● **SUPPLIED RECORDS**:
::::

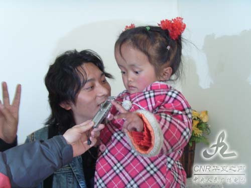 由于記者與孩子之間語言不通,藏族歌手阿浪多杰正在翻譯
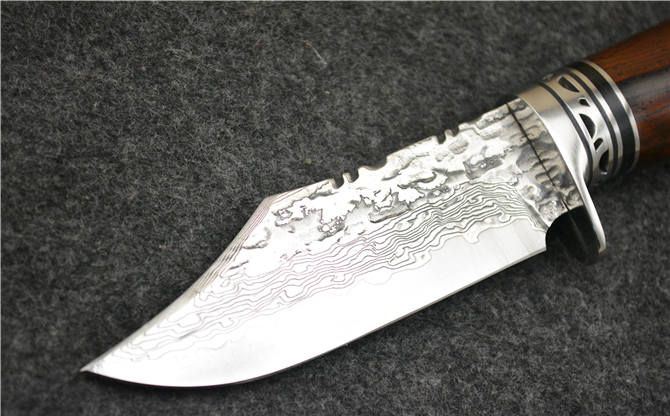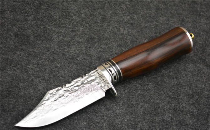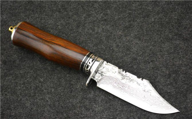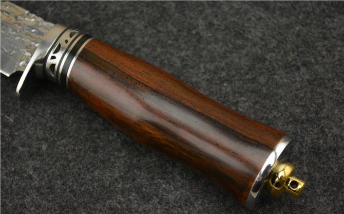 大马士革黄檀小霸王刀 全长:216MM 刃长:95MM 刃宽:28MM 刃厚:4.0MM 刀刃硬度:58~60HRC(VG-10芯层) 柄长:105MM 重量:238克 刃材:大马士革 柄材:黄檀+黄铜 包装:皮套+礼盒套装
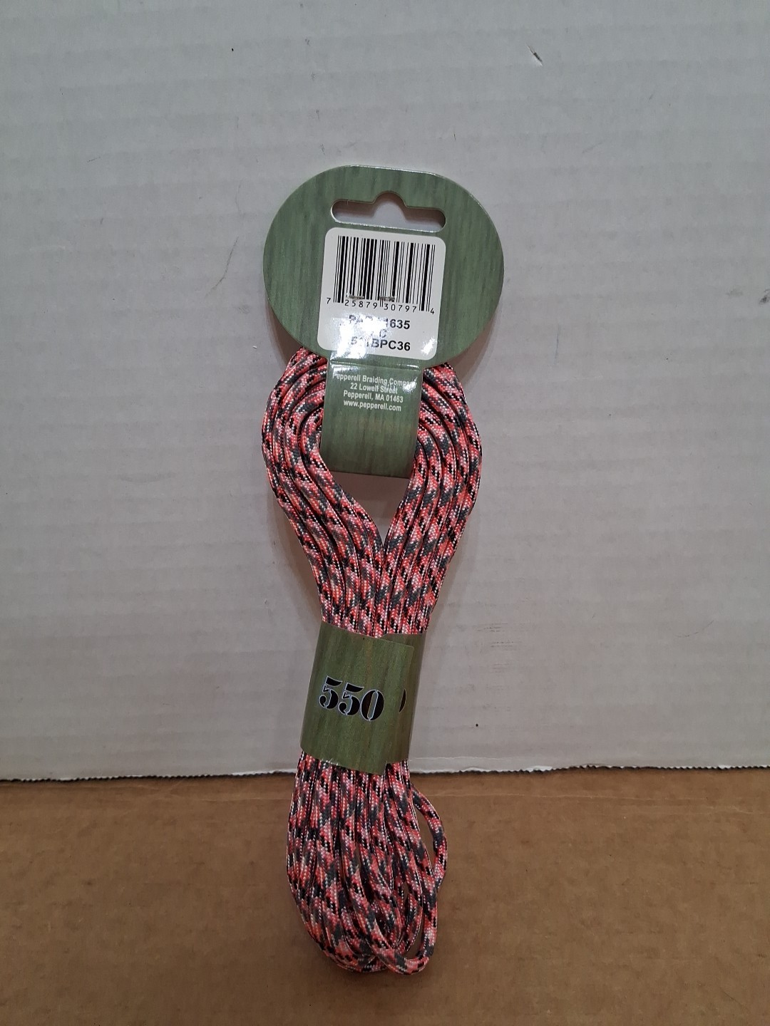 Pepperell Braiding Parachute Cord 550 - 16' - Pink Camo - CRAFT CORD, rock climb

::::

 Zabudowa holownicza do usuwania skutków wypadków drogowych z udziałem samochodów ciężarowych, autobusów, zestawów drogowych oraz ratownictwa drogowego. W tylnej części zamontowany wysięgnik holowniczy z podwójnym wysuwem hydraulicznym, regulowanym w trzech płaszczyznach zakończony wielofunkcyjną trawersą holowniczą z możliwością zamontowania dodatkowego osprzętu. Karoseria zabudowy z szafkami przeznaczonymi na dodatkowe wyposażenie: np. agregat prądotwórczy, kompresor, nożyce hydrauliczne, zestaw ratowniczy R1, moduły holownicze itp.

::::

● **WORK TASK**: Copy word for word the span of the records above that begins at the line with "由于記者與孩子之間語言不通,藏族歌手阿浪多杰正在翻譯" and ends at the line with "Pepperell Braiding Parachute", including those two lines but not the pictures.

● **RESPONSE BELOW**:
 由于記者與孩子之間語言不通,藏族歌手阿浪多杰正在翻譯
 大马士革黄檀小霸王刀 全长:216MM 刃长:95MM 刃宽:28MM 刃厚:4.0MM 刀刃硬度:58~60HRC(VG-10芯层) 柄长:105MM 重量:238克 刃材:大马士革 柄材:黄檀+黄铜 包装:皮套+礼盒套装
 Pepperell Braiding Parachute Cord 550 - 16' - Pink Camo - CRAFT CORD, rock climb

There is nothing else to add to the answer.